Batik cap kombinasi tulis motif parang
truntum hasil kreasi
pengrajin dari Bantul Yogyakarta. Bahan katun
gradasi
warna merah dan hijau.
|
Truntum selingan peksi merak
|
Jarik Truntum
Podo Karet
|
Jarik Truntum Motif Garuda
|
Kain Jarik Batik Motif Wahyu Tumurun
|
Batik motif Truntum
1. Sejarah Batik Motif
Truntum
Menurut
ceritera sejarah, proses penciptaan motif truntum diciptakan
oleh Kanjeng Ratu Beruk, anak dari seorang abdi dalem bernama Mbok Wirareja. Kanjeng Ratu Beruk
atau Kanjeng
Ratu Kencana ini adalah isteri dari Paku Buwono III (bertahta dari 1749–1788 M)
tetapi berstatus garwa ampil (selir), bukan permaisuri kerajaan. Persoalan
status ini menjadikan Kanjeng Ratu Beruk selalu gundah. Ia mendamba jadi
permaisuri kerajaan, sebuah status yang begitu dihormati dan dipuja orang
sejagad keraton. Tetapi lebih dari semua itu, Kanjeng Ratu Beruk ingin selalu
berada di samping sang raja agar malam-malam sunyi tidak ia lewati sendirian.
Menurut
cerita, sang Ratu yang selama ini dicintai dan dimanja oleh Raja, merasa
dilupakan oleh Raja yang telah mempunyai kekasih baru. Pada suatu malam, perhatian Kanjeng Ratu Beruk tertuju
pada indahnya bunga tanjung yang jatuh berguguran di halaman keraton yang
berpasir pantai. Seketika itu juga ia mencanting motif truntum dengan latar ireng (hitam). Hal tersebut merupakan refleksi dari sebuah harapan.
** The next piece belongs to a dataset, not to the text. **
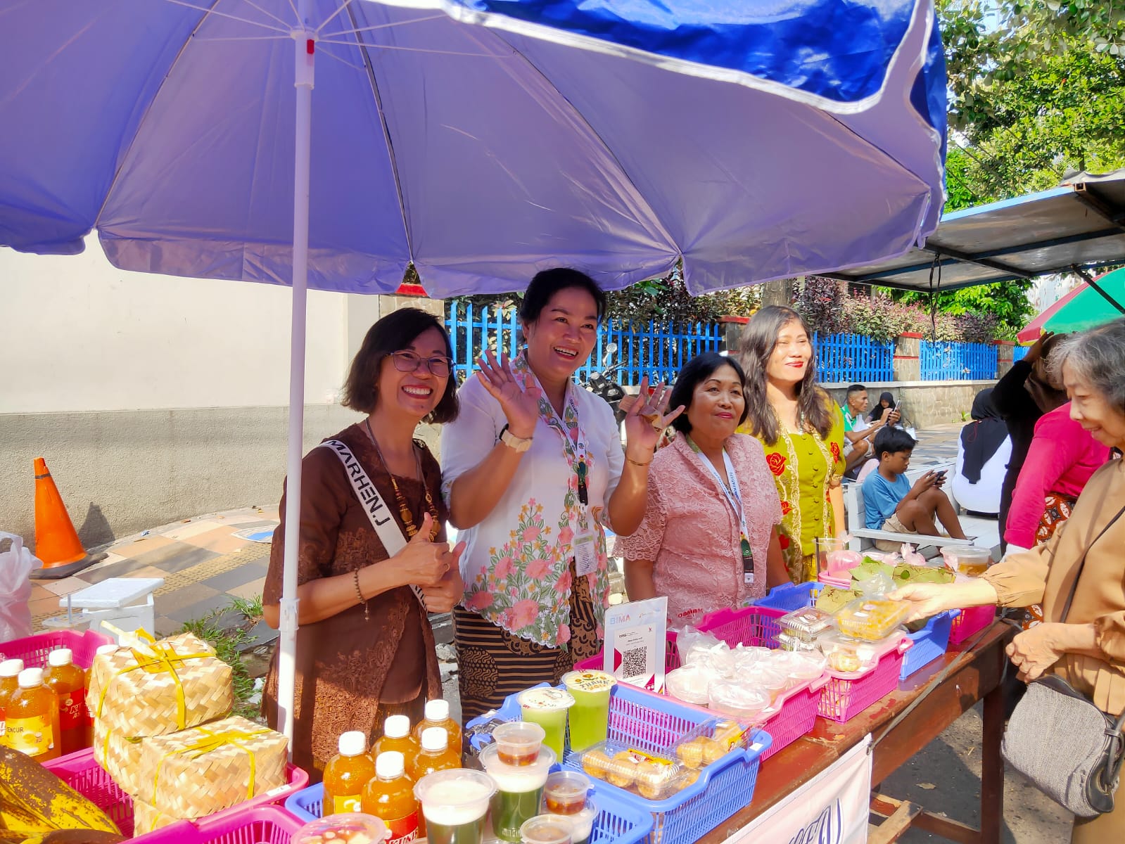 Salah satu yang turut memeriahkan CFD adalah komunitas Wanita Katolik Republik Indonesia (WKRI) Cabang Kabupaten Pati. Agnes bersama rekan-rekannya tampil kompak mengenakan kebaya sambil membuka stand makanan tradisional.

Walaupun langit malam tiada bulan, masih ada bintang sebagai penerang. Selalu
ada kemudahan di setiap kesulitan, sekecil apa pun kesempatan, ia tetap bernama
kesempatan.
Ketekunan Ratu
dalam membatik menarik perhatian Raja yang kemudian mulai mendekati Ratu untuk
melihat pembatikannya. Sejak
itu Raja selalu memantau perkembangan pembatikan Sang Ratu, sedikit demi
sedikit kasih sayang Raja terhadap Ratu tumbuh kembali. Berkat motif ini cinta
raja bersemi kembali atau tum-tum kembali, sehingga motif ini diberi nama Truntum,
sebagai lambang cinta Raja yang
bersemi kembali.
2. Arti Kata Tuntrum
Truntum berarti
timbul kembali yang berkaitan dengan kata katresnan atau cinta kasih suami
isteri. Maknanya bahwa kehidupan manis tidak terlepas dari dua hal yaitu
bungah-susah (senang-susah), padhang-peteng (terang-gelap), kaya-miskin dan
seterusnya.
Motif truntum
menggambarkan bunga dilihat dari depan terletak pada bidang berbentuk segi
empat. Truntum berasal dari teruntum – tuntum (bahasa Jawa) artinya tumbuh
lagi. Taruntum memiliki arti senantiasa tumbuh, bersemi, semarak lagi. Pola
batik truntum menggambarkan sebuah rangkaian bunga-bunga kecil berserta
sari-sarinya ibaratnya bunga melati gambir yang sedang mekar berkembang berbau
harum semerbak dengan semaraknya di taman. Suatu pengharapan bagi si pemakai
motif ini, agar di dalam hidup berkeluarga hendaknya selalu terjadi hubungan
yang harmonis, penuh kasih sayang, baik kehidupan suami isteri, hubungan antara
anak dengan orang tua dalam keluarga sendiri, maupun meluas ke keluarga orang
lain dan masyarakat luas.
3. Penggunaan Batik Trentum
Motif truntum
dikenakan pada saat upacara midodareni dan panggih dipakai oleh kedua orang tua
pengantin saat menikahkan anaknya dengan harapan jangan sampai terjadi
perselisihan antara ibu dan bapak dalam niat menjodohkan anaknya. Selain itu,
harapannya adalah agar cinta kasih yang tumbuh berkembang (tumaruntum) ini akan
menghinggapi kedua mempelai. Terkandung makna “ing ngarsa sung tuladha”,
orang tua sudah lulus dari ujian cinta kasih, hingga layak dan wajib menuntun
kedua mempelai memasuki kehidupan baru. Orang tua mempelai berharap agar cinta
kasih yang tumaruntum tersebut akan tumurun kepada mempelai kebanggaannya,
perwujudan sikap “tut wuri handayani”. Sebuah rangkaian
keteladanan dan doa pengharapan tersimbulkan melalui motif truntum.
Pada malam
midodareni, sekarang ini calon pengantin wanita juga mengenakan kain Truntum.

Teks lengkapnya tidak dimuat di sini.